DeepFlow's AutoMetrics capability can automatically obtain golden performance metrics for each microservice's API calls across the full-stack path, including application functions, system functions, and network communications. These capabilities are extended to a broader range of Linux kernel versions and Windows operating systems through BPF and AF_PACKET/winpcap.

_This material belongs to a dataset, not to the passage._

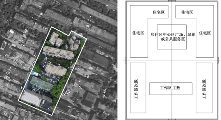 The work-unit Dayuan consists of a work zone and a residential zone for staff families. The work zone varies by function: industrial work-unit Dayuan mainly includes a production area and an office area; non-industrial Dayuan is composed of a main office building and auxiliary office buildings. The residential zone mainly includes four parts: housing (dormitories), public green spaces, public service facilities (kindergarten, canteen, clinic, boiler room, basic commercial services, etc.), and roads and plazas.

Currently, DeepFlow supports the parsing of mainstream application protocols via eBPF, including HTTP 1/2, HTTPS (Golang/openssl), Dubbo, gRPC, SOFARPC, FastCGI, MySQL, PostgreSQL, Redis, MongoDB, Kafka, MQTT, and DNS, with plans to support more application protocols in the future. Based on DeepFlow's AutoMetrics capability, it is possible to non-intrusively obtain RED (Request, Error, Delay) metrics for applications, as well as throughput, latency, connection anomalies, retransmissions, zero windows, and other metrics for the network protocol stack. The DeepFlow Agent maintains the session state for each TCP connection and each application protocol request, referred to as Flow
. All raw performance metric data is detailed to the Flow level and automatically aggregated to generate 1s and 1min metric data. Based on these metric data, we can present full-stack performance data for any service, workload, or API and draw a universal map of interactions between any services.
#2. Metric Types
- Application Performance Metrics
- Application Request Logs
- Network Performance Metrics
- Network Flow Logs
To more intuitively experience the capabilities of AutoMetrics, if there is no business traffic in your DeepFlow environment, it is recommended to first refer to the OpenTelemetry WebStore Demo Experience - Deploy Demo section to deploy an official OpenTelemetry microservice demo application. This demo consists of more than ten microservices implemented in languages such as Go, C#, Node.js, Python, and Java. It is particularly noted that all metric data presented in this section has no dependency on OpenTelemetry
.
#3. Observation Point Explanation
DeepFlow automatically collects metric data from various locations through cBPF/eBPF. To distinguish these data observation points, we use the observation_point
label to annotate the data.
For data collected by cBPF, the meanings of observation_point
values are as follows:
Data Source Type | observation_point Value | Observation Point Meaning |
---|---|---|
cBPF | c | Client Network Card |
cBPF | c-nd | Client Container Node |
cBPF | c-hv | Client Host Machine |
cBPF | c-gw-hv | Client to Gateway Host |
cBPF | c-gw | Client to Gateway |
cBPF | local | Local Network Card |
cBPF | rest | Other Network Cards |
cBPF | s-gw | Gateway to Server |
cBPF | s-gw-hv | Gateway Host to Server |
cBPF | s-hv | Server Host Machine |
cBPF | s-nd | Server Container Node |
cBPF | s | Server Network Card |
For data collected by eBPF, the meanings of observation_point
values are as follows:
Data Source Type | observation_point Value | Observation Point Meaning |
---|---|---|
eBPF | c-p | Client Process |
eBPF | s-p | Server Process |
Additionally, after integrating OpenTelemetry data, we also inject the observation_point
label, with the following meanings:
Data Source Type | observation_point Value | Observation Point Meaning |
---|---|---|
OTel | c-app | Client Application, corresponding to span.spankind = SPAN_KIND_CLIENT, SPAN_KIND_PRODUCER |
OTel | s-app | Server Application, corresponding to span.spankind = SPAN_KIND_SERVER, SPAN_KIND_CONSUMER |
OTel | app | Application, corresponding to other spankind values |